Et alors que je quitte nos deux compères, qui vient renforcer ce gang de talents franchies ? Louis Linard, aka Labrik débarque au siège 8, tout sourire, avec une centaine de milliers de pions. Trois top regs tricolores à la même table. On va rester à l’affut. - Fausto
Zarbo fait tomber le costard
Giuseppe Zarbo, c’est la classe à l’italienne. Toujours un costard impeccable, une élégance qui fait plaisir dans les rooms où fourmillent les maillots de foot et autres survêtements négligés. Mais que vois-je au moment de l’apercevoir en table 403 ? Giuseppe Zarbo avec un maillot de la Squaddra Azzura et une casquette
Italia !
Ma que fai Giuseppe ? « Ici, c’est Vegas ! » assume le plus italien des français, ou le plus français des italiens, on ne sait plus vraiment. Même le chipcount s’y perd. « Un jour ils me mettent italien, un jour ils me mettent français. La dernière fois, je suis repassé italien à partir du Jour 4 » se souvient Zarbo.
On lui souhaite de pouvoir faire la même expérience, mais pour cela, il faudra déjà passer l’obstacle du jour. Et depuis hier, Giuseppe a du mal à trouver son rythme. « Je perds 20 000 puis je les regagne, je gagne 20 000 puis je les reperds, c’est comme ça depuis le début, raconte l’intéressé. En même temps, je n’ai pas de spot. La seul fois où je trouve deux rois, je tombe contre deux as ». Heureusement, son adversaire n’avait que peu de stack. 20 000, justement. Avec 70 000 jetons devant lui, le représentant de la Squadra Azzura a encore largement de quoi faire.

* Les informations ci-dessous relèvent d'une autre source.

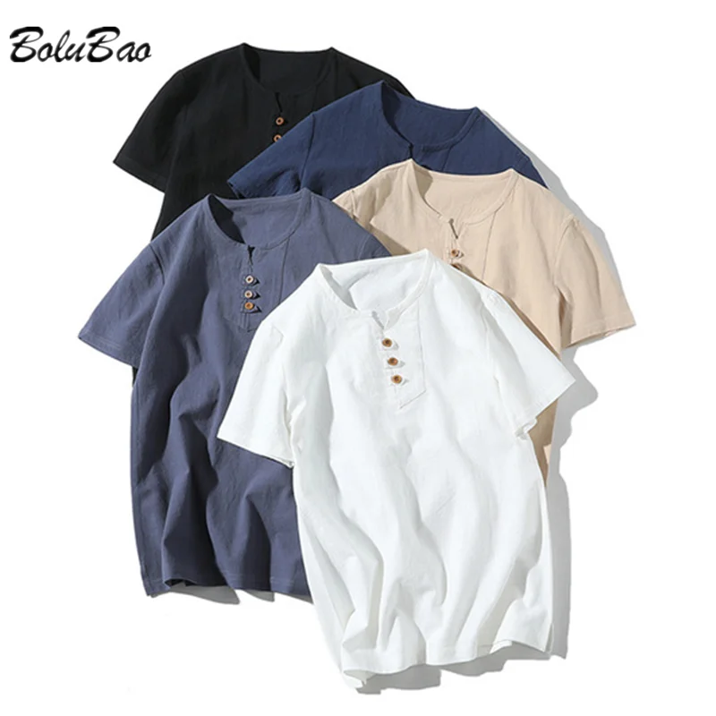 Футболка BOLUBAO мужская с 3 пуговицами, льняная Простая Повседневная рубашка с коротким рукавом, в японском стиле, модная футболка для пар, на лето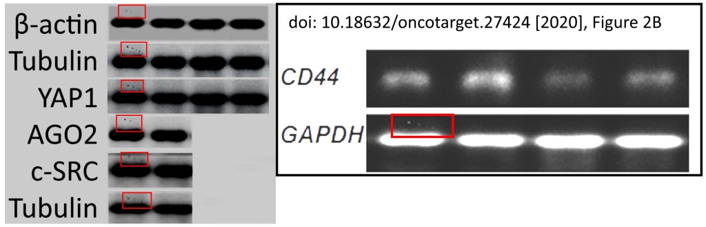 Elisabeth Bik spotted some of the issues in this paper as far back as 2019, around the same time an anonymous account (Lottia cassis) also tagged another Oncotarget paper, including duplicate blots between papers. As is so often the case, opportunities to stop this mischief have been squandered… While there is certainly a huge amount of repurposing and republishing of western blot fragments, some of these papers also include fanciful cut and paste constructions of individual bands. Here is something about a resveratrol analogue from blueberries, apparently it cures cancer:

En attendant de monter les pilasses, Giuseppe discute avec ses collègues francophones. Après le trio fantastique Deyra-Forge-Linard, nous avons ici un virage Zarbo-Houri-Panetti. Au siège numéro 7, Yehoram Houri a trouvé brelan intermédiaire sur un board 1074, et s’est fait payer grassement au flop, puis sur la turn 6 avant que son adversaire n’abandonne sur la river A. Avec 140 000 jetons, il fait partie des gros stacks de la table. Son voisin Christophe Panetti n’est pas mal non plus. Pas de gros coups à signaler, mais à force de gratter les petits pots, le Suisse dépasse désormais les 100 000 jetons. - Fausto
Statistiques anecdotes et citation à la con
43 : comme le nombre de tables restantes dans la Pavillon Room, à quelques instants du break. Elle est la prochaine salle à fermer. Tous seront réunis ensuite dans l’ultime salle qu’ils ne quitteront plus, l’Amazon Room.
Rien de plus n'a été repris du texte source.